Chwilę później przekraczaliśmy barierę między wymiarową, a potem witamy w nowym świecie.
- To co teraz? - spytał.
- To chyba my powinniśmy o to spytać - powiedział głos za nami. Uśmiechnęłam się. Wylądowaliśmy na masce samochodu, z którego wyszli dwaj młodzieńcy.
- Sam i Dean, tak? - zapytałam, a oni spojrzeli na siebie.
- Kto pyta? - zaczął Sam. Wysoki, dobrze zbudowany brunet zmierzył nas wzrokiem. Jego nieco niższy brat z krótkimi włosami nie był dłużny.
- Wybaczcie - odparłam i zeskoczyłam z maski po Xerxesie, który podał mi dłoń przy skoku. - Nazywam się Gladys Asakura, a to Xerxes. Jesteśmy z innego świata i przybyliśmy tu po waszą pomoc.
- Naszą pomoc? - zapytał zaskoczony Dean.
- Widzicie w naszym świecie trwa wojna, a nam brakuje troszku magii.
- Wybaczcie, ale nie mamy czasu na wasze problemy, mamy swoje - rzucił Dean próbując wejść do samochodu. Powstrzymałam go.
- Wiem doskonale, że macie Lucy na karku, plus anioły i Michała. Oraz to, że chcą wykorzystać was jako swoje naczynia. Wiem również jak to się zakończy, ale teraz to chyba nie ma sensu tego poruszać. Chcę wam pomóc, a tym samym wy pomożecie nam.
- Niby jak? - kolejne pytanie rzucił Dean.
- Jestem Gladys - odparłam z uśmiechem i nagle wylądowaliśmy wszyscy w próżni. - Tu nas nikt nie podsłuchuje. U was to naprawdę ciężka sprawa z prywatnością. Co krok jakiś demonik czy aniołek. Ale mniejsza, Potrzebuję was by sprowadzić Michała i Lucka by ich spętać i wykorzystać. Wy pozbędziecie się kłopotu, a ja zyskam pomoc.
- Niech zgadnę, chcesz żebyśmy powiedzieli "tak"? Czyś ty zwariowała?
- Ani trochę. Słuchaj do końca. Chcę abyście udawali że się zgadzacie, a ja ich już potem opętam.
- Niby masz tyle mocy? Kim ty jesteś? - zaczął znów Dean.
- Królową - odpowiedział mu Xerxes. Podszedł do mnie i szepnął. - Pokaż im - po czym dał mi buziaka w policzek. Uśmiechnęłam się. Jemu chyba nigdy się nie znudzi to drażnienie mnie.
- Pokażę wam coś fajnego - powiedziałam i nie pytając o zdanie złapałam ich dłonie, chwila minęła, gdy popatrzyli na mnie jak na potwora.
- Cholera - rzucił Dean.
- Taka mała retrospekcja - odparłam z uśmiechem. - To co, pomożecie?
- Chwila - zaczął Sam. - Nie tak szybko.
- Sorka, ale nie mamy tyle czasu co wy. Tak czy nie? - moje słowa stawały się coraz bardziej ostre. Xerxes złapał mnie za ramię.
- Jeśli nie chcą. Zrobimy to sami bez nich - powiedział Xerxes ze słodkim uśmiechem.
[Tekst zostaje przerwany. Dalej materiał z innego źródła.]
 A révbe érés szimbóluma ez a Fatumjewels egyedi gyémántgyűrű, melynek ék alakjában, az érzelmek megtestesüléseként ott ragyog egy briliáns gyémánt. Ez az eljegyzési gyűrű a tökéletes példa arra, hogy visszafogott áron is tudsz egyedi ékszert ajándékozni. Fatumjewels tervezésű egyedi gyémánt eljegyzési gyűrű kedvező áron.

- Wiesz, że takie nasze małe zaangażowanie się w to zrobi duże zamieszanie.
- A będzie gorzej niż jest teraz?
- Tu nasza wojna nie dotarła, trzeba ich w to angażować. Wolałabym jak najmniejsze zło.
- Kochanie nie raz nie dogodzi. Jeden czy dwa robi różnicę.
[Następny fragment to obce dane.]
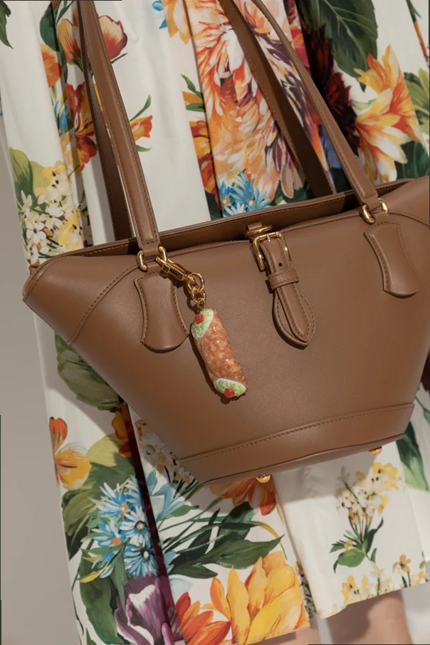 Zawieszka do torby z ekskluzywnej kolekcji Dolce & Gabbana to kwintesencja włoskiego kunsztu i elegancji. Inspiracją dla projektu stał się słynny deser – cannoli. Owalny kształt zawieszki oraz niezwykła dbałość o detale zachwycają odwzorowaniem słodyczy: białe polewy, subtelne akcenty zieleni i czerwieni przywodzą na myśl pistacje oraz owoce kandyzowane.

- Xerxesie, porwanie ich będzie nas dużo kosztować, dobrze wiesz. Chcesz tak ryzykować?
- Z tobą zawsze - rzucił i dał mi słodki pocałunek, a bracia patrzyli na nas z niedowierzaniem.
- Hej, hej, hej, zaraz żebym dobrze to zrozumiał. Macie zamiar porwać Lucyfera i Michała? - zapytał Dean. - Ja rozumiem macie problem, ale czemu akurat nasz świat?
- Pozbędziemy się waszego kłopotu.
- Ale dacie nam większy. Wojnę domową - rzucił Sam.
- E tam, i tak by was czekała i nawet coś gorszego - pstryknęłam palcami i znów pojawiliśmy się w poprzednim miejscu.
- Nie rób tak - zwrócił się do mnie Dean. Mimowolnie się uśmiechnęłam. - Jeśli spróbujecie to zrobić...
- Zrobimy to - odpowiedział mu Xerxes i uniósł go do góry.
- Hej, spokojnie - krzyknął Sam. Xerxes upuścił Deana na ziemię.
- Xerxesie spokojnie. Damy sobie radę - powiedziałam z uśmiechem. - Szkoda, że nie chcecie współpracować, ale cóż... Chodźmy - podałam dłoń mojemu towarzyszowi i zniknęliśmy.